Chapter 7 Study Questions
- Compare Figure 7.3.1 and Table 7.3.1 in Section 7.3 Suppose you created three new arg– mutation called mutants #1, #2, & #3. #1 grew on MM+cit and MM+arg, #2 grew on only MM+arg, while #3 grew on MM+ orn, cit or arg. Which genes are #1, 2, & 3 mutant in (A, B, or C)?
- Why was the Vitamin biotin always added the MM?
- Last century, A. Garrod, and later Beadle and Tatum, showed that genes encode enzymes. From what we know now, do all genes encode enzymes? Explain.
- Most mutant proteins differ from wild type (normal) by a single substitution at a specific amino acid site. Explain how some amino acid changes result in:
- no loss of protein function,
- only partial loss-of-function,
- complete loss-of-function,
- and how do changes at different amino acid sites result in the same complete loss-of-function.
- Some mutants result in the loss of a specific enzyme activity. Does this mean that no protein product is produced from that mutant gene?
- The molecular weight of the A and B chains of coli tryptophan synthase are 29,500 and 49,500, respectively. The size of the entire enzyme is 158,000.
- If the average molecular weight of each amino acid is 110, then how many amino acids are present in each chain?
- How many chains does the whole enzyme contain? Explain.
- Recall that Neurospora is orange coloured bread mould. This biochemical pathway below is how wild type cells become orange. None of the compounds are essential. Cells containing W are white, cells with Y are yellow, and cells with O are orange. Assume that the reactions will go to completion, if possible.Fill in this table with the colours of the cell cultures.
Strain MM+W MM+Y MM+O gene1+
- You have a female fruit fly, whose father was exposed to a mutagen (she, herself, wasn’t). Mating this female fly with another non-mutagenized, wild-type male produces offspring that all appear completely normal, except there are twice as many daughters as sons in the F1 progeny of this cross.
- Propose a hypothesis to explain these observations.
- How could you test your hypothesis?
- You decide to use genetics to investigate how your favourite plant makes its flowers smell good.
- What steps will you take to identify genes required for production of the sweet floral scent? Assume this plant is a self-pollinating diploid.
- One of the recessive mutants you identified has fishy-smelling flowers, so you name the mutant (and the mutated gene) fishy. What do you hypothesize about the normal function of the wild-type fishy gene?
- Another recessive mutant lacks floral scent altogether, so you call it nosmell. What could you hypothesize about the normal function of this gene?
- Suppose you are only interested in finding dominant mutations that affect floral scent.
- What do you expect to be the relative frequency of dominant mutations, compared to recessive mutations, and why?
- How will you design your screen differently than in the previous question, to detect dominant mutations specifically?

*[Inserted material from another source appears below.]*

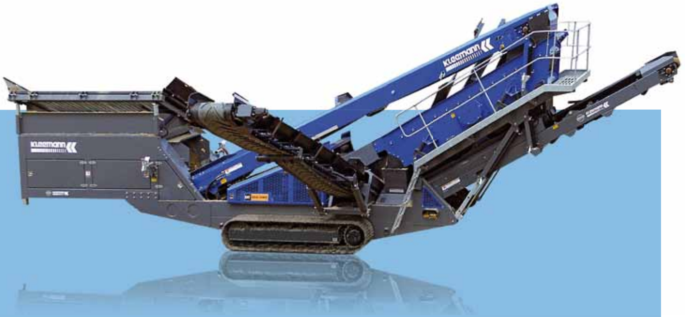
Схема MS 16 Z в транспортном положении

- Which kind of mutagen is most likely to produce dominant mutations, a mutagen that produces point mutations, or a mutagen that produces large deletions?
- You are interested in finding genes involved in synthesis of proline (Pro), an amino acid normally synthesized by a particular model organism.
- How would you design a mutant screen to identify genes required for Pro synthesis?
- Imagine your screen identified ten mutants (#1 through #10) that grew poorly unless supplemented with Pro. How could you determine the number of different genes represented by these mutants?
- If each of the four mutants represents a different gene, what will be the phenotype of the F1 progeny if any pair of the four mutants are crossed?
- If each of the four mutants represents the same gene, what will be the phenotype of the F1 progeny if any pair of the four mutants are crossed?